Well, they’re wrong. This could be why countries like China take the piss out of The West over these issues. As tempogain said, using the word “right” is just a convention. If someone decides to beat you up and take your stuff, hollering that he’s violating your human rights is unlikely to have any practical effect.
As I’ve said elsewhere, it would be more logical to frame these things in terms of responsibilities towards others. A person does not have a right to air, food and water, but society at large may not deprive him of those things (eg., by polluting the air, proscribing what he may grow on his land, or misappropriating the water supply). He does not have the right to education, but others may not prevent him from becoming educated.
Here’s the problem: when you frame these things as rights, the implicit assumption is that it’s the government’s job to provide them (or, if not the government, a State surrogate). Thus Americans in some locations can be legally prevented from raising their own food in gardens or collecting rainwater from their roof (google it). Until recently it was illegal to homeschool your children.
Anyone is at liberty to hire a Priest of Scientology, print a marriage licence off the Internets, and hey presto, they’ve got themselves a wedding. British Common Law originally recognized any such union as a marriage. The bottom line is that if you tell other people you’re married, you’re married. It doesn’t really matter what the government thinks.
They are at liberty to form relationships of whatever kind…just not marriage.[/quote]
But ‘marriage’ is not a relationship. Living together as husband and wife (or husband and husband) is a relationship. The government rubber stamp is a complete irrelevance.
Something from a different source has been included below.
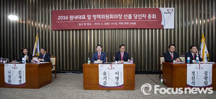 (서울=포커스뉴스) 정진석, 나경원, 유기준 원내대표 후보자 및 정책위의장 후보자들이 3일 오후 서울 여의도 국회에서 열린 새누리당 원내대표, 정책위의장 선출 및 당선자 총회에 참석하고 있다. 왼쪽부터 나경원 원내대표 후보자, 김재경 정책위의장 후보자, 유기준 원내대표 후보자, 이명수 정책위의장 후보자, 정진석 원내대표 후보자, 김광림 정책위의장 후보자

I agree that it’s not my business if people want the government to pat them on the back and say, well done, here’s your gold marriage certificate; I’m just saying it’s a prime example of a First World Problem.
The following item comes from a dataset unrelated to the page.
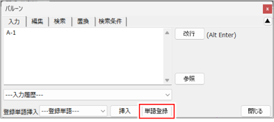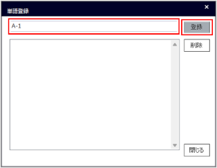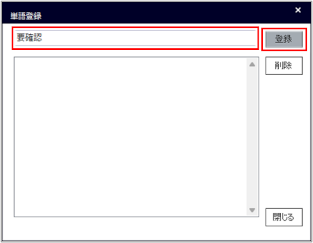 [単語登録]ダイアログが表示されます。 単語を入力し、[登録]ボタンをクリックします。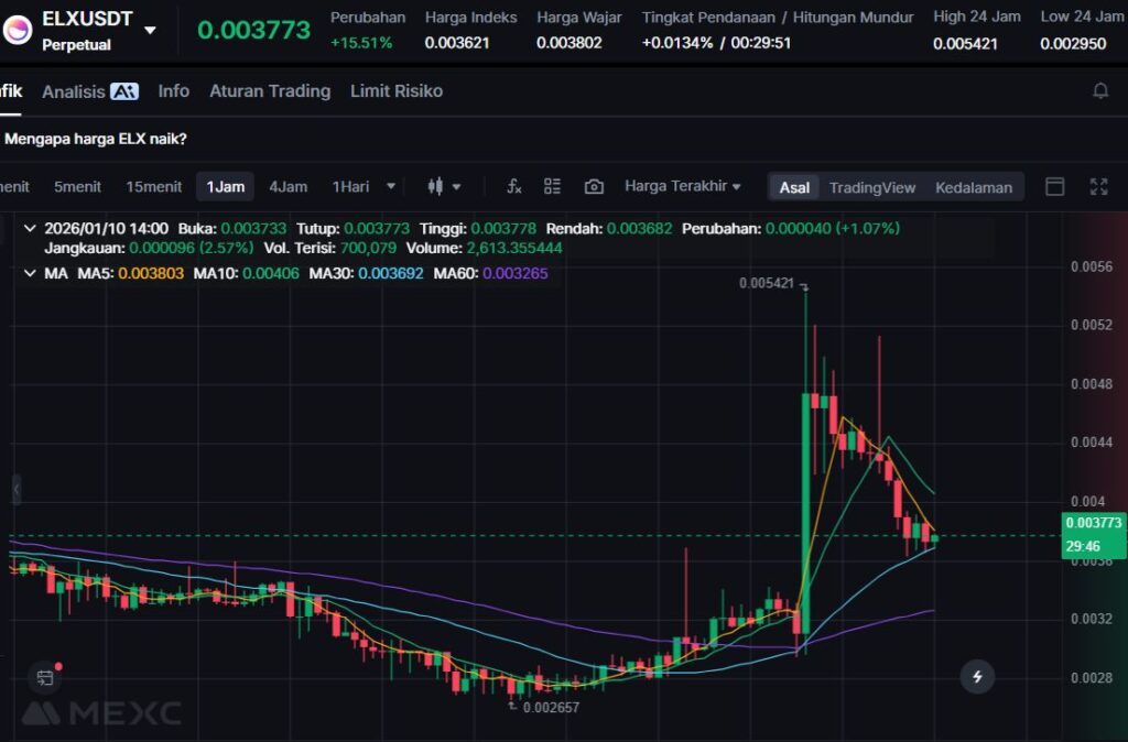 ELX menguat +17.38% dan diperdagangkan di $0.0038. Pergerakan ini menempatkan ELX sebagai salah satu gainers hari ini, sejalan dengan narasi peningkatan likuiditas di DEX yang terus dibutuhkan.

The reality is that there are practical (regarding properties, inheritance, adoption, and medicine) and sentimental values to marriage, and depriving people of these is fucking pathetic and infuriating.[/quote]
You’ve got your logic backwards. If property inheritance law says that a man may pass on property only to a wife who is duly registered with the State, it’s the inheritance law needs fixing, not the marriage law. However, I don’t think that’s even the case; if a man wants to will his property to his spouse (male or female), there’s no law that prevents him. There is no law preventing someone from holding a wedding.
Adoption is a whole different issue because you are talking about the rights of the adopted child, not the rights of the adult couple. Nobody, male, female, married or otherwise, has a “right” to adopt a kid like they’re getting a puppy from the pound.
Look, all laws are basically arbitrary and marriage laws are no different. It is not legal, in Taiwan, to marry your sister, a 14-year-old, or a water buffalo. At various times and places, these things have been (or still are) perfectly legal or even encouraged. When they’re discouraged, it’s either for a very good practical reason (eg., inbreeding) or because some other law is incompatible. That’s what’s happening here, with the examples you mention.
Note for the hard-of-thinking: I’m not arguing that a homosexual marriage is the same as marrying a water buffalo.
um, no. I was saying the exact opposite: if one already has the rights under discussion, why would we need the government to ring-fence it?
Of course not. But what I think should be, and what is, are two very different things. The reality is that you have a “right” to not be arbitrarily imprisoned only because the government has better things to do. Some governments have trouble finding alternative amusement and therefore imprison people arbitrarily. It passes the time. Talking of rights here is utterly meaningless because the supposed right is so tenuous; it can be violated on a whim.
What you are all arguing for here, IMO, is assigning powers to the State that it should not have. You are asserting that a relationship is only valid if the government says that it is.